Output all of the data exactly as it appears, but leave out any pictures it contains.

• Source material:
===

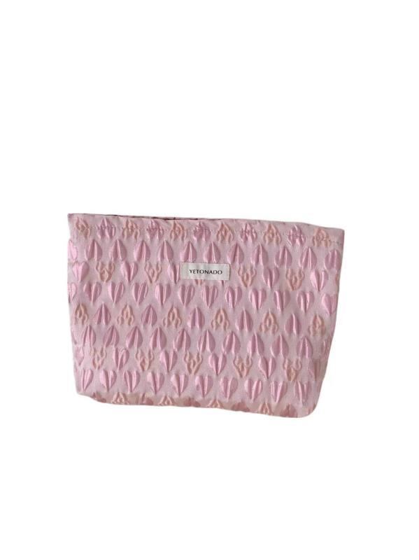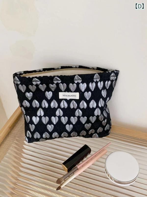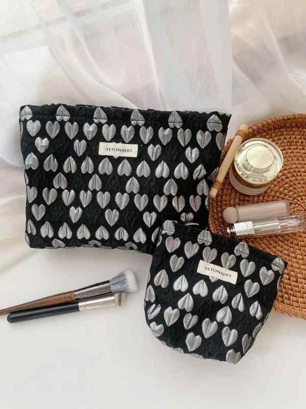 ポーチ レディース 女性用 化粧ポーチ コスメポーチ トラベルポーチ 大容量 クラッチバッグ 手持ち 収納ポーチ 立体ハート柄 かわいい お出かけ 携帯用 普段使い ポリエステル ピンク 黒
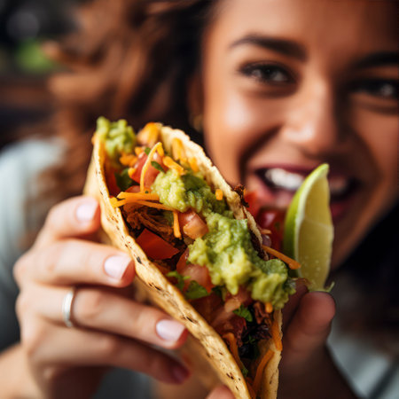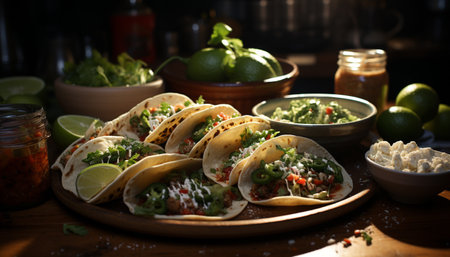 Freshness and spice in a homemade Mexican guacamole taco meal generated by artificial intelligence
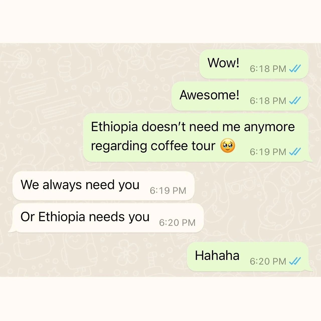 에티오피아 외교부 관계자와 이제 커피 투어와 관련해 에티오피아는 내가 필요하지 않아, 라고 했더니 우린 언제나 네가 필요하다고 답변을 해서 웃었어요.

===

• Response box:
 ポーチ レディース 女性用 化粧ポーチ コスメポーチ トラベルポーチ 大容量 クラッチバッグ 手持ち 収納ポーチ 立体ハート柄 かわいい お出かけ 携帯用 普段使い ポリエステル ピンク 黒
 Freshness and spice in a homemade Mexican guacamole taco meal generated by artificial intelligence
 에티오피아 외교부 관계자와 이제 커피 투어와 관련해 에티오피아는 내가 필요하지 않아, 라고 했더니 우린 언제나 네가 필요하다고 답변을 해서 웃었어요.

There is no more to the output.